§ **EXERCISE BRIEF**:
Each line from the top of the listing down to and including the line with "从专利示意图给出的备注来看,体验者被包裹" must be duplicated exactly; pictures are to be skipped.

§ **DATA UNDER STUDY**:
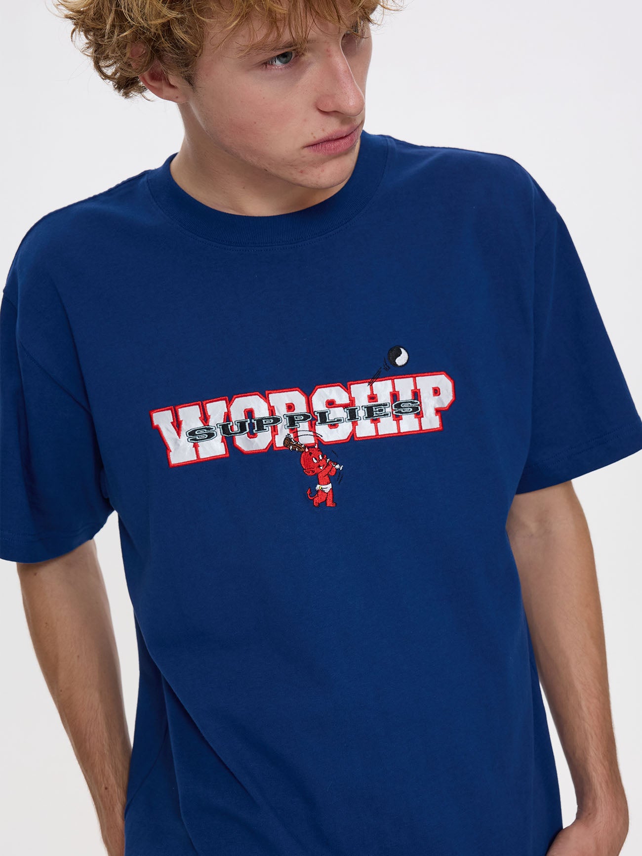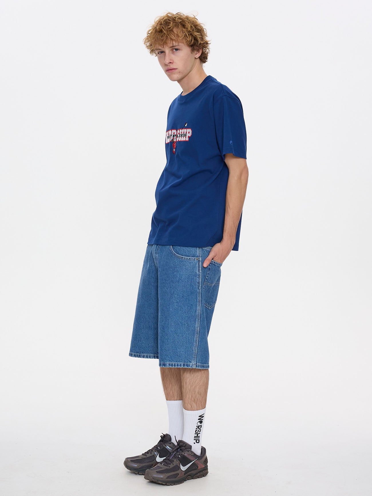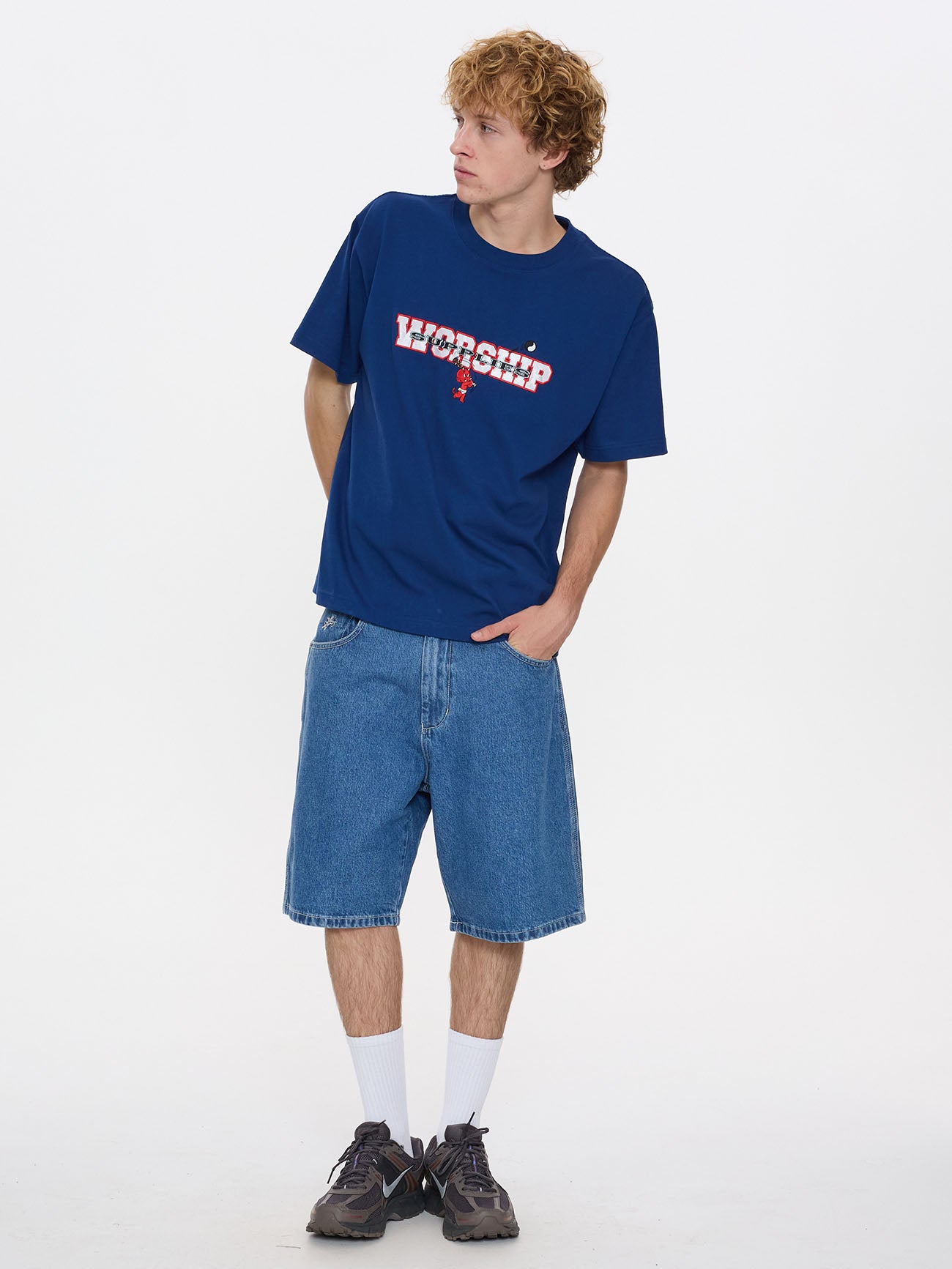 • The Belter Tee in Blue Depths goes bold with a Worship front logo, bringing vintage energy into a clean streetwear frame. Cut from 280gsm cotton jersey, this oversized tee Australia piece delivers a heavy-wearing, structured fit with a relaxed drape built for everyday wear. The deep blue base makes the graphic pop, giving it instant Y2K appeal while staying versatile in rotation. Pair it with baggy denim shorts or layered under an open streetwear t shirt Australia-style for a full street-ready look.
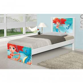 Cama Solteiro Sereia Ruiva Com Colchão Cama Solteiro Juvenil Barcelona Adesivada Sereia Ruiva com Colchão Ref. 1419
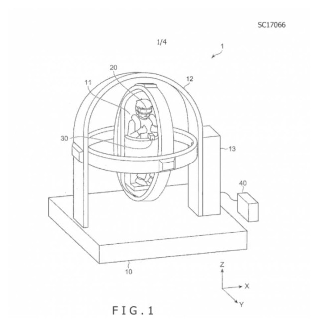 从专利示意图给出的备注来看,体验者被包裹在两个重叠但可以随意转动的圆环之内,序号“10”代表姿态控制单元,“11”为座位,“12”为使用者,“13”为驱动装置,“20”为VR眼镜显示设备,“30”为相机,“40”为信息处理设备。
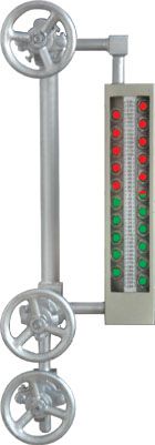 GYJ 雙色冷光源水位計是用于監測鍋爐及壓力容器水位的一次直讀儀表,表體兩側視窗玻璃成一定夾角,儀表后側配置發光二極管光源,由于光學的折射及反射原理,氣相呈紅色,液相呈綠色,兩色界面即準確指示液面。
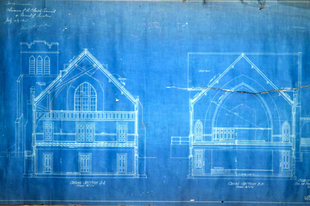 Sheet No. 9, Original Blueprint, Good Shepherd Lutheran Church, Weehawken, New Jersey (1915); Frederick Klie, Architect: Weehawken’s Good Shepherd Lutheran Church, at the northeast corner of Park Avenue and Columbia Terrace, was designed and constructed in 1915 by Hoboken architect Frederick Klie in a vernacular derivative of the English Gothic.
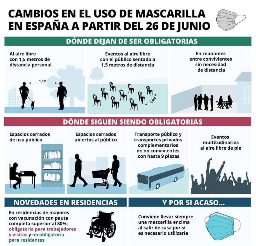 Desde hoy el uso de la mascarilla no es obligatorio en espacios abiertos siempre que se pueda mantener la distancia de seguridad sociosanitaria de metro y medio con personas no convivientes. Sin embargo, por si surgen esas ‘peligrosas’ aproximaciones, habrá que llevar un protector siempre encima para hacer uso en cualquier momento. El uso de la mascarilla en España viene desde que en marzo de 2020 irrumpió la pandemia del COVID-19, pero no fue hasta julio cuando se hizo obligatoria en España para mayores de 6 años de edad. Su uso sigue con esa obligación en interiores con personas no convivientes.
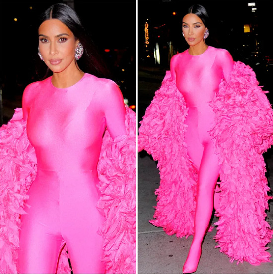 اختارت كيم زيًا من قطعة واحدة من Balenciaga تم تصميمه من قماش سبانديكس شديدة اللمعان، كان زيها عالقا بحذاء مدبب وردي اللون، استكملت اطلالاتها بمعطف من الريش بلون وردي مطابق، وصمم بشكل يلامس الأرض، مع أقراط دائرية لامعة.
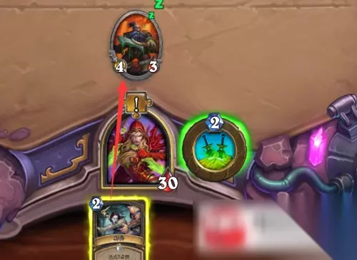 步骤六:对巫医随从使用法术卡牌背刺。
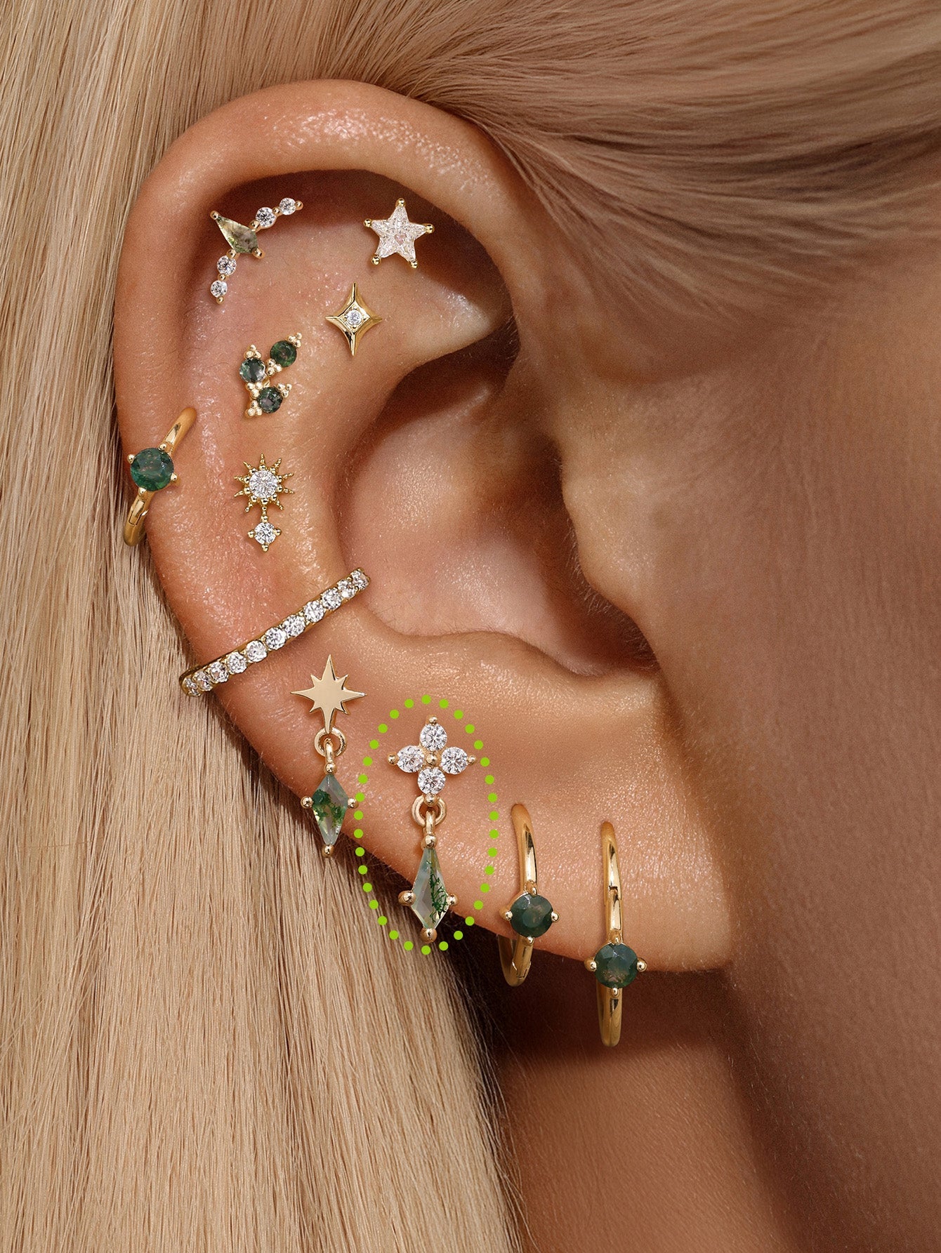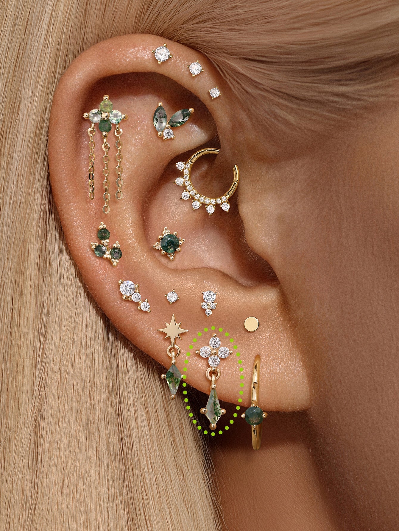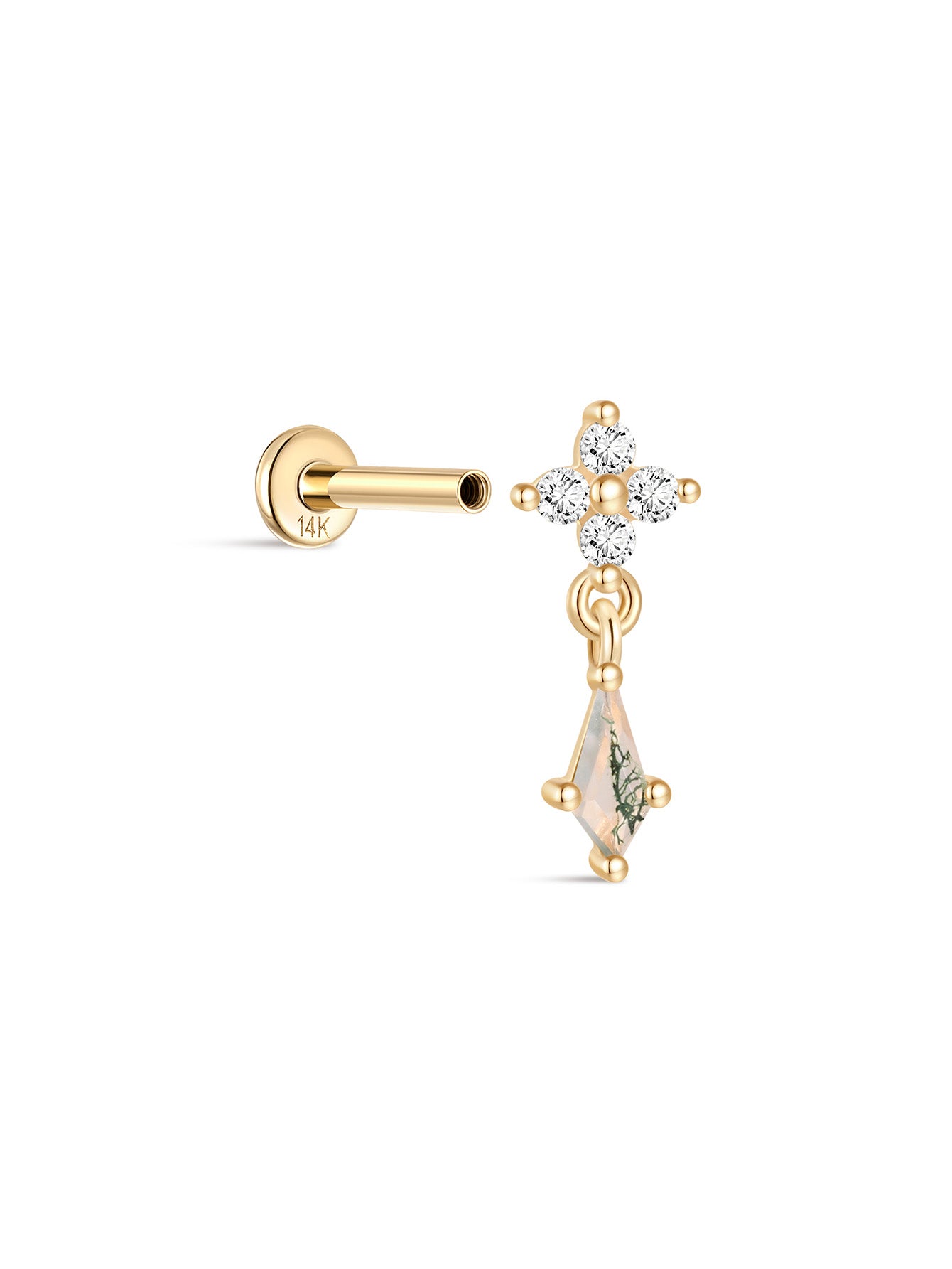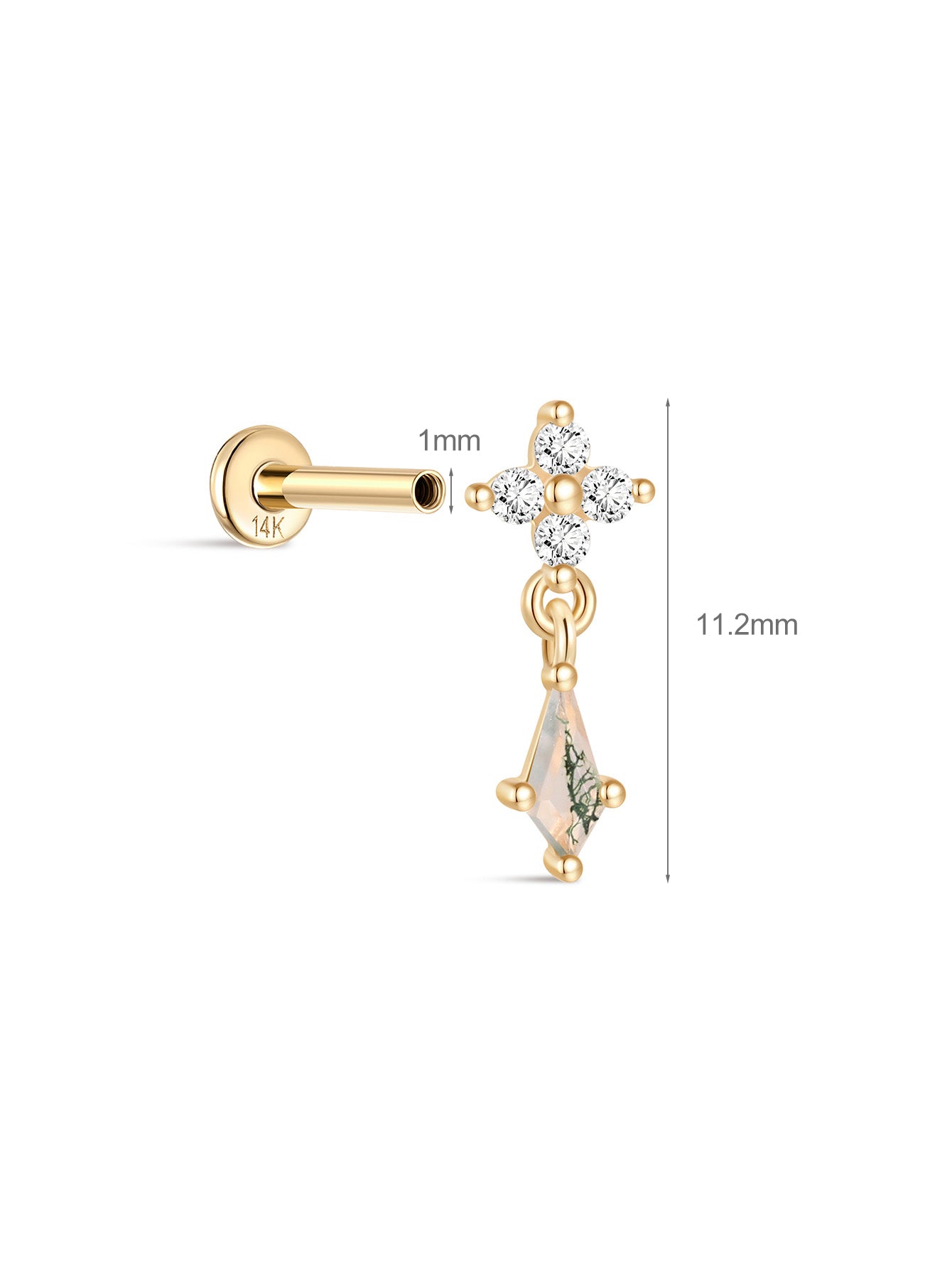 14K Solid Gold Moss Agate Flower Flatback Stud
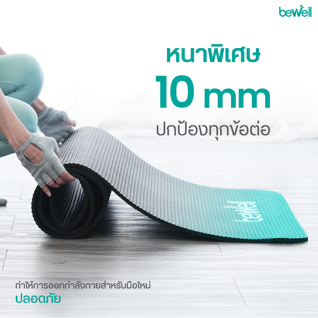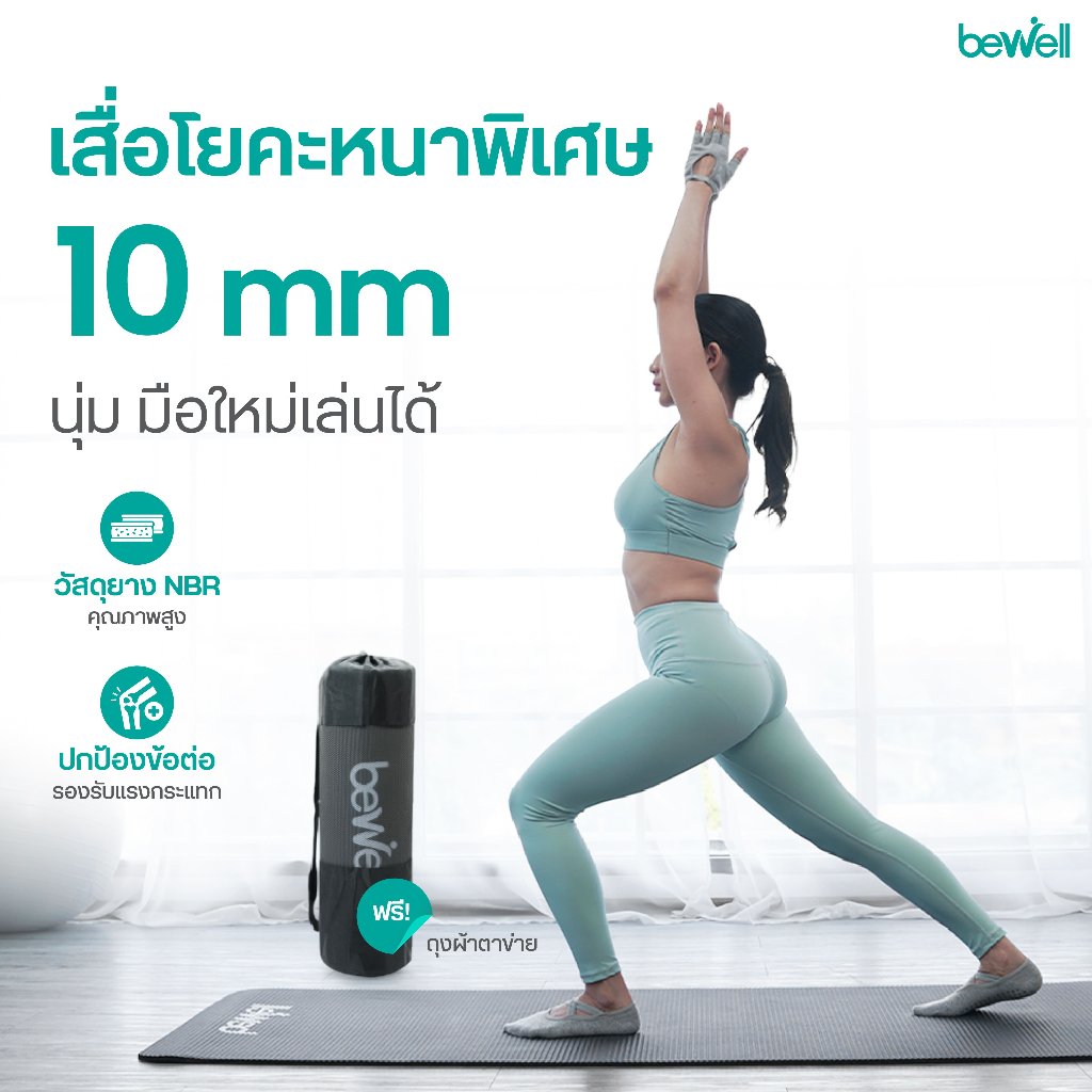 [สินค้าหลุด QC ลดแรง!] Bewell เสื่อโยคะ รุ่นหนา 10 mm. สีเทาซีดกว่าปกติ ไม่มีผลต่อการใช้งาน มาพร้อมถุงตาข่ายเก็บเสื่อ
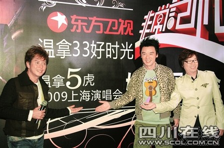 昨日,譚詠麟鐘鎮(zhèn)濤現(xiàn)身上海為“溫拿五虎2009上海演唱會(huì)”宣傳,譚校長(zhǎng)無(wú)意中泄密——
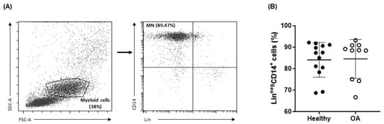 Percentage of circulating CD14+ monocytes in peripheral blood from OA patients and healthy donors. Representative dot plots of the gating strategy used for the identification of the monocyte population after doublet removal are shown in (A). Lin- (CD56, CD3, CD19, CD15) CD14+ cells were considered monocytes (MNs). Percentage of MNs found from the total myeloid cells in each of the samples is shown in (B). Data are presented as mean ± SD.
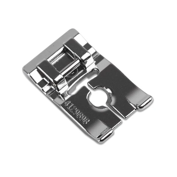 2. Den Nähfuß absenken und nähen. Der separat erhältliche Faden/Bandführer (412 55 44-45) führt die Litze während des Nähens.

§ **WRITTEN SOLUTION**:
 • The Belter Tee in Blue Depths goes bold with a Worship front logo, bringing vintage energy into a clean streetwear frame. Cut from 280gsm cotton jersey, this oversized tee Australia piece delivers a heavy-wearing, structured fit with a relaxed drape built for everyday wear. The deep blue base makes the graphic pop, giving it instant Y2K appeal while staying versatile in rotation. Pair it with baggy denim shorts or layered under an open streetwear t shirt Australia-style for a full street-ready look.
 Cama Solteiro Sereia Ruiva Com Colchão Cama Solteiro Juvenil Barcelona Adesivada Sereia Ruiva com Colchão Ref. 1419
 从专利示意图给出的备注来看,体验者被包裹在两个重叠但可以随意转动的圆环之内,序号“10”代表姿态控制单元,“11”为座位,“12”为使用者,“13”为驱动装置,“20”为VR眼镜显示设备,“30”为相机,“40”为信息处理设备。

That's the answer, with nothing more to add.